King bisa mendengar jika Kinan sedang menangis seperti menahan sakit. Ia tahu pasti terjadi sesuatu yang tidak baik kepada Kinan. Bertepatan dengan itu, Joshua berjalan melewati King.


"Jo!"


"Apa?"


"Sepertinya Kinan di pukuli lagi oleh Alex, dia menelepon ku barusan," tutur King.


"Ah pria brensek itu lagi, kita ke Apartemennya sekarang."


King dan Joshua berjalan dengan cepat menuju parkiran. Bukan hanya King yang menjadi saksi kebiadaban Alex tapi Joshua juga, ia sudah beberapa kali melihat dengan mata kepalanya sendiri, kondisi Kinan setelah di pukuli oleh Alex.

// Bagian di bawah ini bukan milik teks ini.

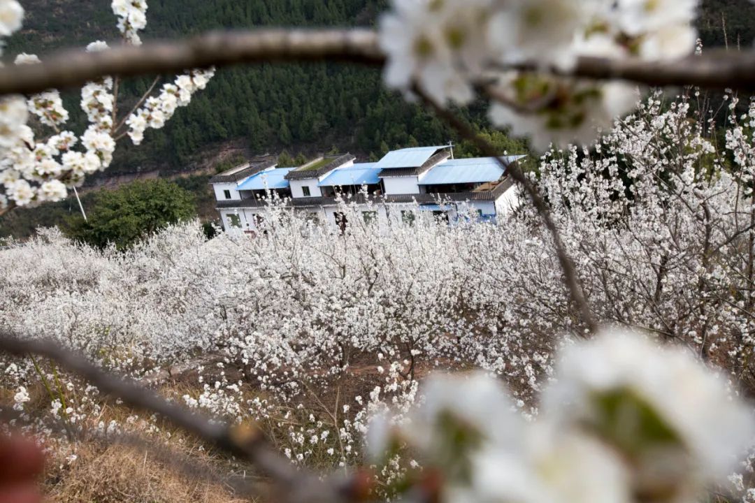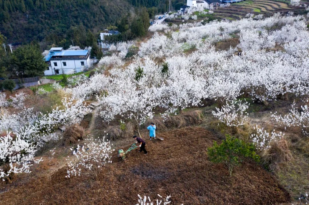 幾百畝櫻桃花綻放在田野村落間

King dan Joshua kini dalam perjalanan menuju apartement Alex. Joshua dan King melupakan sejenak permasalahan di antara mereka karena suatu hal yang emergency.


~


Mobil Joshua sampai di basement apartement tempa Alex tinggal, ia dan King berjalan dengan cepat menuju lantai dua puluh di mana unit apartment Alex berada.

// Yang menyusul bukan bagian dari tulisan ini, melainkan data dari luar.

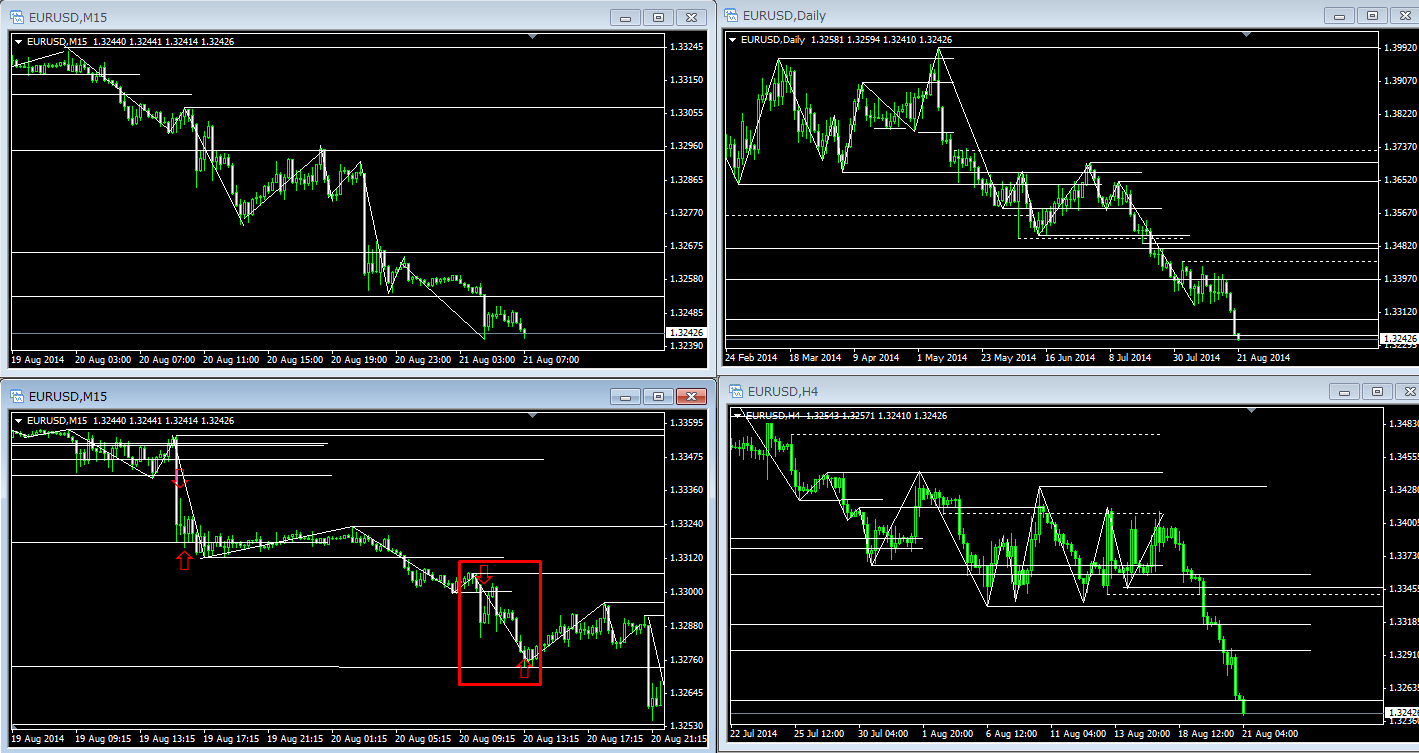 英国系の指標だったので、英国ではメジャーなEUR/GBPとGBP/USDの通貨ペアで、EURの通貨の流れを事前に監視していたので、実は下に行くことは自信があったのですが。。。

King nampak semakin khwatir saat dari kejauhan ia melihat, pintu apartemen Alex yang terbuka. Ia berlari di ikuti Joshua dari belakang. King masuk kedalam apartement itu. Saat berada di dalam, King dan Joshua kaget melihat barang-barang yang berantakan dan pecahan-pecahan barang ada di mana-mana.

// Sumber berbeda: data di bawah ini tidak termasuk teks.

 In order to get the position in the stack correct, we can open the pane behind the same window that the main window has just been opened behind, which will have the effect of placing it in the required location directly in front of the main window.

Mereka mencari keberadaan Kinan, dari ruang tamu , ruang keluarga dan sampai di dalam sebuah kamar, ia menemukan Kinan bersimbah darah sedang terbaring meringkuk di atas lantai. Saat ini Kinan dalam kondisi sadar namun sangat lemah.


"Kinan, kamu tidak apa-apa," ucap King sambil memposisikan Kinan bersandar di dadanya.


"K-king, aku di ...."


Kesadaran Kinan kembali hilang, King benar-benar tidak menyangka jika Alex bisa sekeji ini. Kondisi Kinan bahkan sangat parah dari bayangannya, ini lebih dari kejadian sebelum-sebelumnya.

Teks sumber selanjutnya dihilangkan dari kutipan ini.